- Genre: Teen drama
- Created by: Emma Reeves
- Based on: Gifted by Marilyn Kaye
- Directed by: Matthias Hoene Steve Barker
- Theme music composer: Anne-Sophie Versnaeyen
- Country of origin: United Kingdom (Scotland)
- Original language: English
- No. of series: 1
- No. of episodes: 10

Production
- Executive producer: Arabella Page Croft
- Running time: 27-28 minutes
- Production company: Black Camel Pictures;

Original release
- Network: CBBC
- Release: 24 November 2025

= Gifted (British TV series) =

Gifted is a British teen drama television series created by Emma Reeves and adapted from the book series of the same name by Marilyn Kaye.
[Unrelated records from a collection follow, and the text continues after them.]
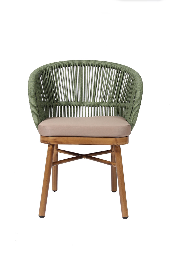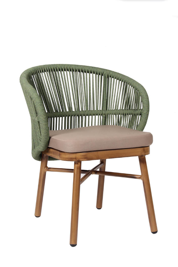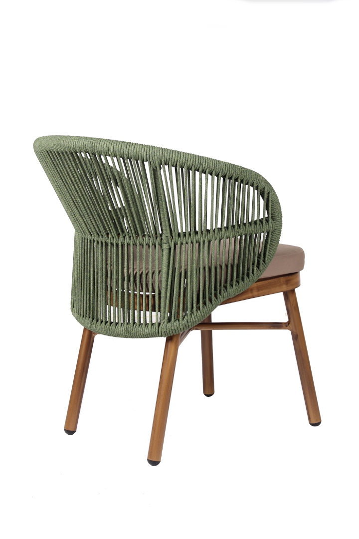 Πολυθρόνα αλουμινίου στοιβαζόμενη με βαφή σκελετού σε χρώμα ξύλου, πλεγμένη με ναυτικό σχοινί διαμέτρου 6mm πράσινου χρώματος. Μαξιλάρι 4cm με outdoor ύφασμα σε καφέ χρώμα.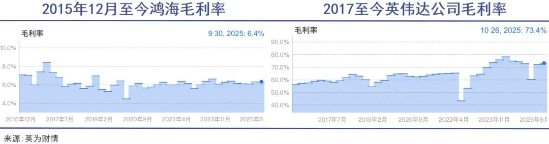 而蘋果最新財(cái)季(2025財(cái)年Q4)毛利率為47.2%,硬件毛利率36.2%,整體的凈利率為26.8%。也就是說(shuō),鴻海在引以為傲的AI業(yè)務(wù)取得突破性發(fā)展后,其收入規(guī)模擴(kuò)大,資本市場(chǎng)估值大幅提升,但盈利能力的提升遠(yuǎn)不如收入和估值的提升。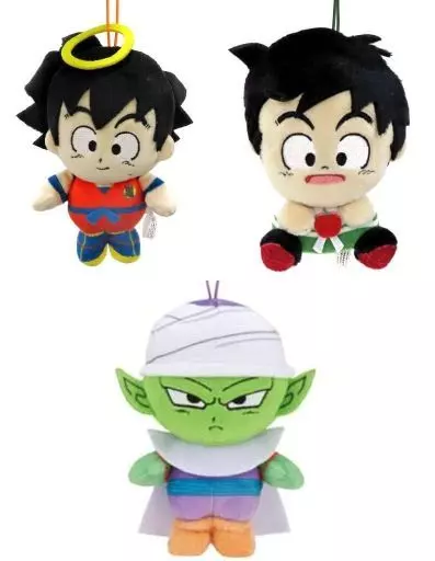 This is a mascot size Plush toy with 3 kinds of designs : Son Gohan and Piccolo in their childhood with the clothing design when they were training under Piccolo, and Goku with a design with a ring on the head when they started walking along the path of snakes aiming to become the king of the world around the same time.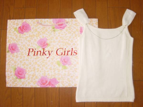 - 新品ピンキーガールズ★ネックレス付き★アンゴラ シフォン袖ニット白ホワイト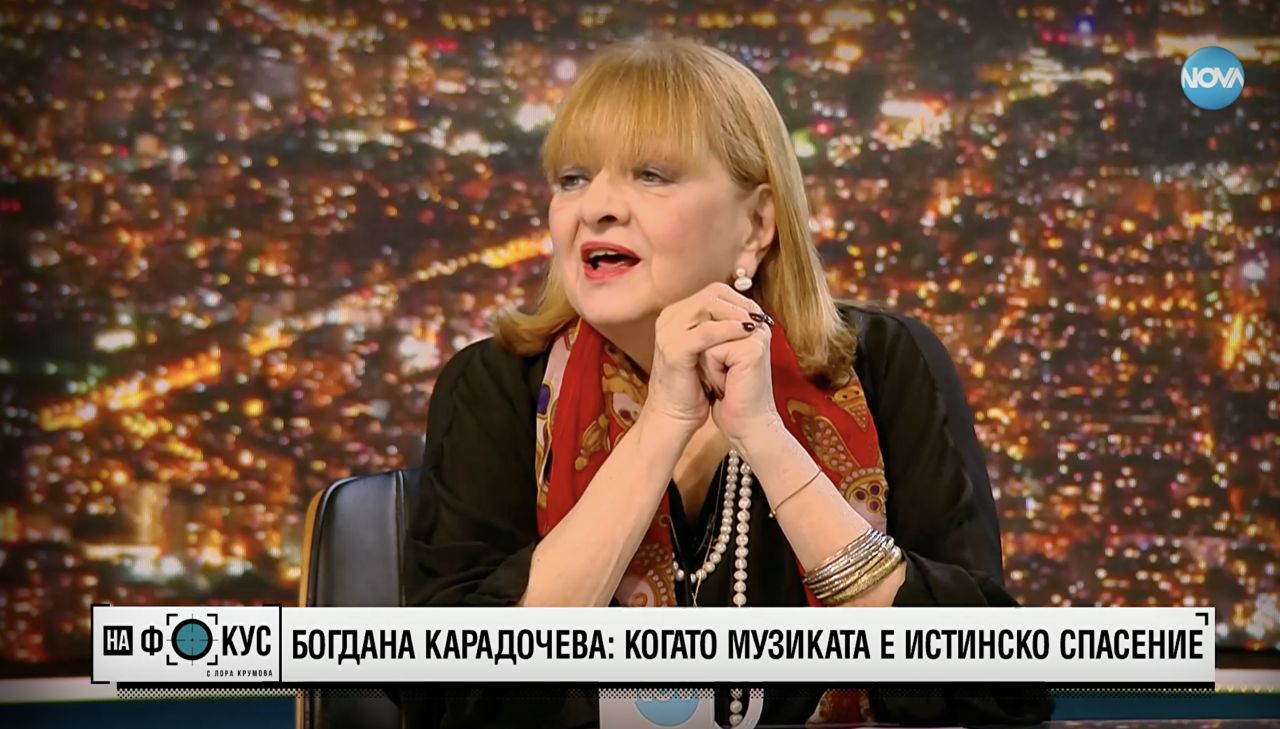 В навечерието на 10 ноември в предаването „На фокус“ по NOVA гостува една от най-емблематичните български певици - Богдана Карадочева. Жената с дрезгавия, топъл глас, който звучи в домовете на поколения българи вече повече от половин век, сподели своята лична история - белязана от таланта, но и от болката, оставена от комунизма.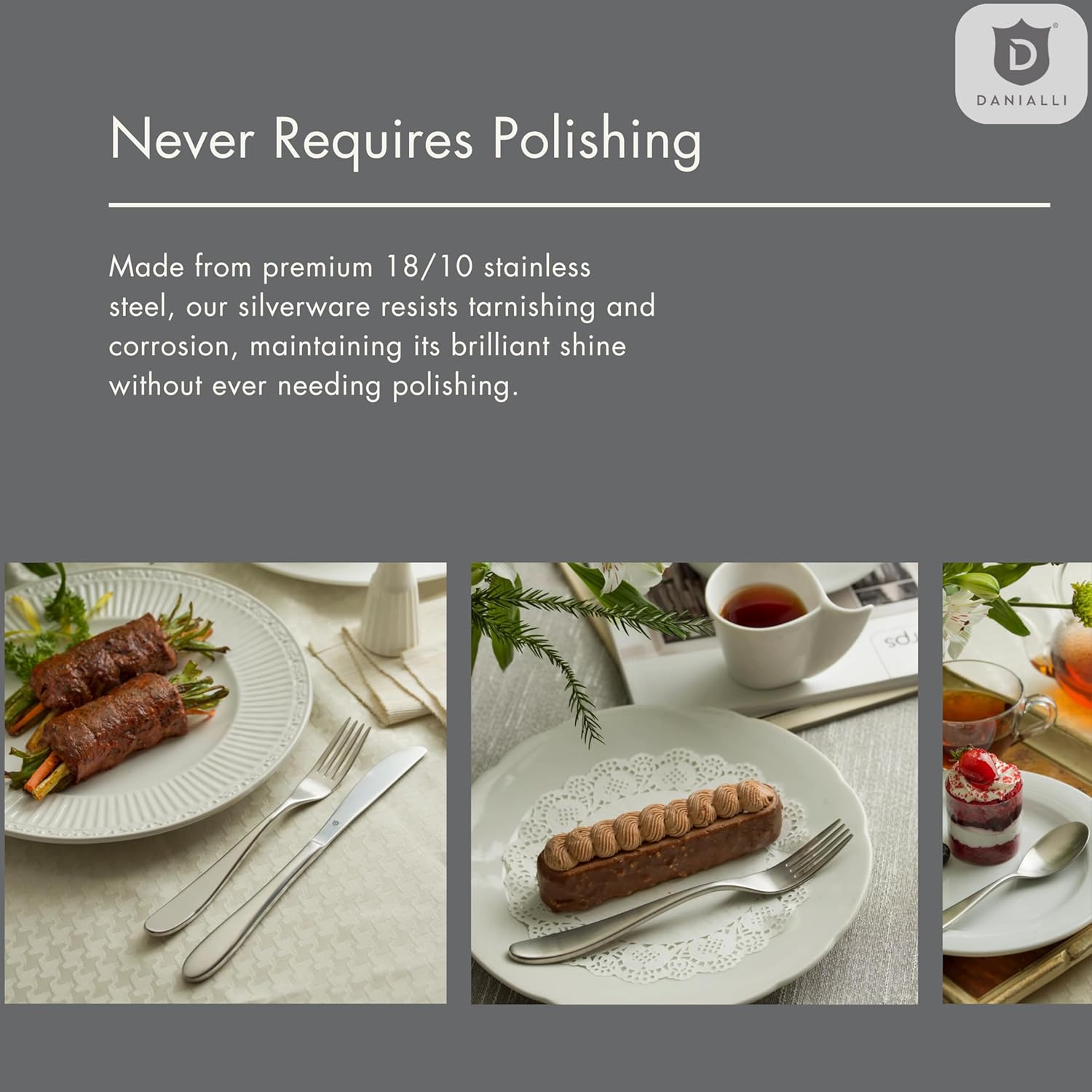 • The Heaviest in DANIALLI’s Collection – Crafted from solid 18/10 stainless steel, each piece offers a hefty, well-balanced grip you’ll notice the moment you pick it up.

The series premiered on 24 November 2025 on CBBC.

==Premise==
Set in Edinburgh, the series is about a group of Scottish teens who discover they have unique superpowers and must band together to fight a powerful organisation that is targeting them.

==Cast==
- Charlie Geany as Ken
- Jessica Hardwick as Madame
- Claire Charlotte Cassidy as Emily
- Alexander Tait as Jack
- Oliver Martindale as Iain
- Eva MacCallumm as Amanda
- Mandipa Kabanda as Tracey
- Elena Hui Ling Yap as Jenna
- Cara McFarlane as Nina
- Dominic McLaughlin as Martin
- Adam Sinclair as Angus
- Nim McQuin as Margery
- Nairn Archer as Artair
- Sanjeev Kohli as Mr. Jackson
- Paul McCole as Mr. Tempest
- Leah MacRae as Shopkeeper
- Larry Dean as Gameshow Host

==Production==
Gifted is an international co-production between Black Camel Pictures and Paris-based French producer Media Valley. The series is adapted from the popular series of books Gifted by Marilyn Kaye. The lead writer is Emma Reeves and is directed by Matthias Hoene and Steve Barker. Other writers on the series include Laurence Clark and Joseph Lidster.

==Broadcast==
The series was broadcast from 24 November 2025 on BBC, along with the boxset on BBC iPlayer.